Fall in volumes at Amsterdam Schiphol

Fall in volumes at Amsterdam Schiphol

Amsterdam Airport Schiphol has seen cargo volumes fall by 1.8 per cent in the first three months of 2015 to 385,842 tonnes, because of a slowdown in China.

The airport says that this is the first quarterly fall for two years. January saw a year-on-year (YOY) fall of 2.3 per cent to 120,267 tonnes. February saw a YOY increase of 2.1 per cent to 125,979 tonnes. March saw the largest YOY fall, of 4.7 per cent to 139,596 tonnes.

Schiphol senior vice president for cargo, Enno Osinga, says: “The results are disappointing, but not unexpected, and not confined to Schiphol alone. China is our single largest market … so the slowing of its economy and manufacturing output are inevitably very visible in our traffic figures.”

Asia, as a share of the first quarter, fell to 36.5 per cent, but remained the largest area. North America remained in second, at 18.9 per cent, up 4.4 per cent on the first quarter of 2014. The Middle East fell by 1.5 per cent to 13.8 per cent of the total. Africa increased by 0.7 per cent to 11.7 per cent and Latin America rose by 1.9 per cent to 11.2 per cent. Europe fell by 16 per cent compared to the same period of 2014 to eight per cent.

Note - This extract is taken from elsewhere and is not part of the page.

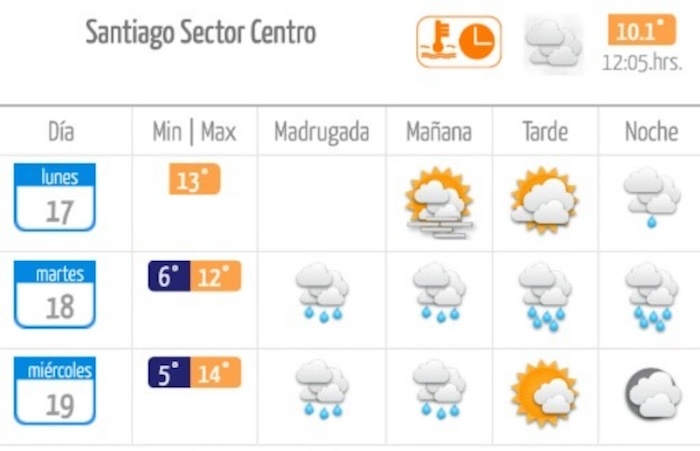 La DMC precisó que el evento traerá lluvias normales a moderadas en ambas regiones, con un isoterma cero en torno a los 2.000 metros, y sin rachas de fuertes vientos, que caracterizó al sistema frontal pasado.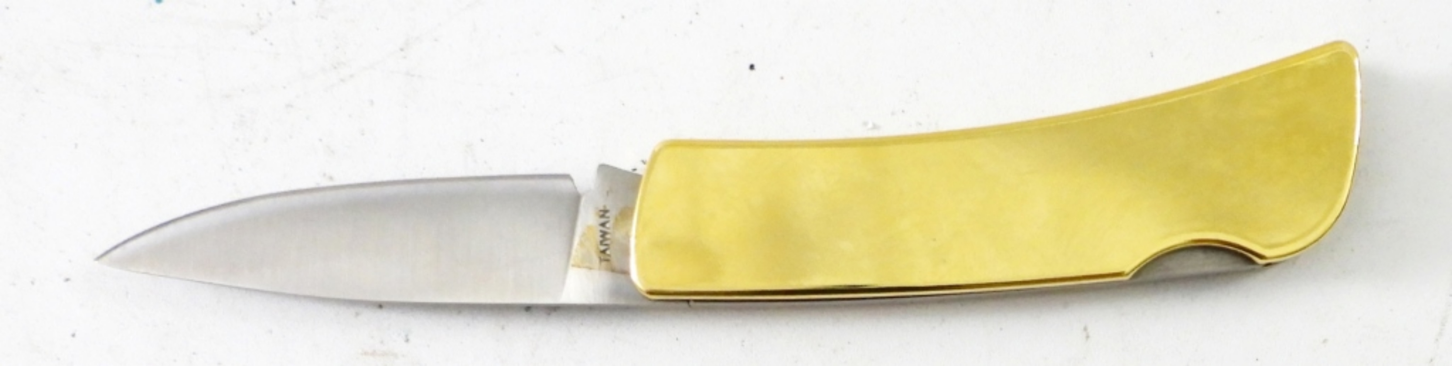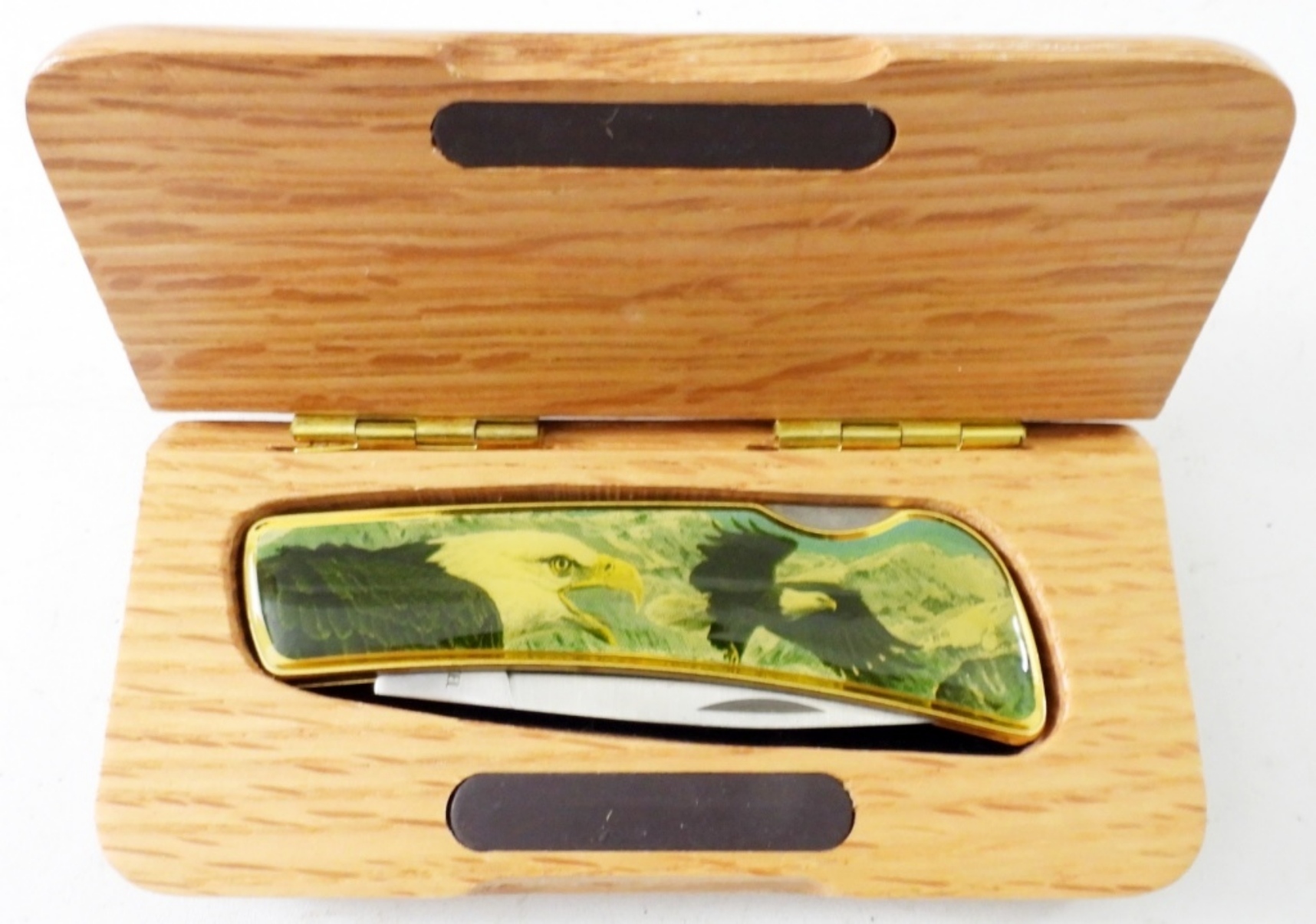 VINTAGE VANADIUM POCKET KNIFE WITH WOODEN CASE. GOLD TONE WITH BALD EAGLE STAINLESS STEEL

Osinga explains: “Europe’s weaker tonnages are explained by the impact of flower traffic of falling Russian demand around Valentine’s Day and Women’s Day, caused by their currency weakness. The Europe figures additionally include transshipments to China, which are also affected by the cooling of Chinese trade.”

In February, Schiphol opened a new taxiway between the Kaag runway and the Sierra cargo zone. It says the development halves live runway crossings. The airport says that freighters can now land and taxi direct to the Sierra cargo area from the end of the runway without having to route back along the original taxiway and then wait for clearance to cross the live runway.

In 2014, Schiphol was Europe’s third busiest by volume, handling 1.6 million tonnes.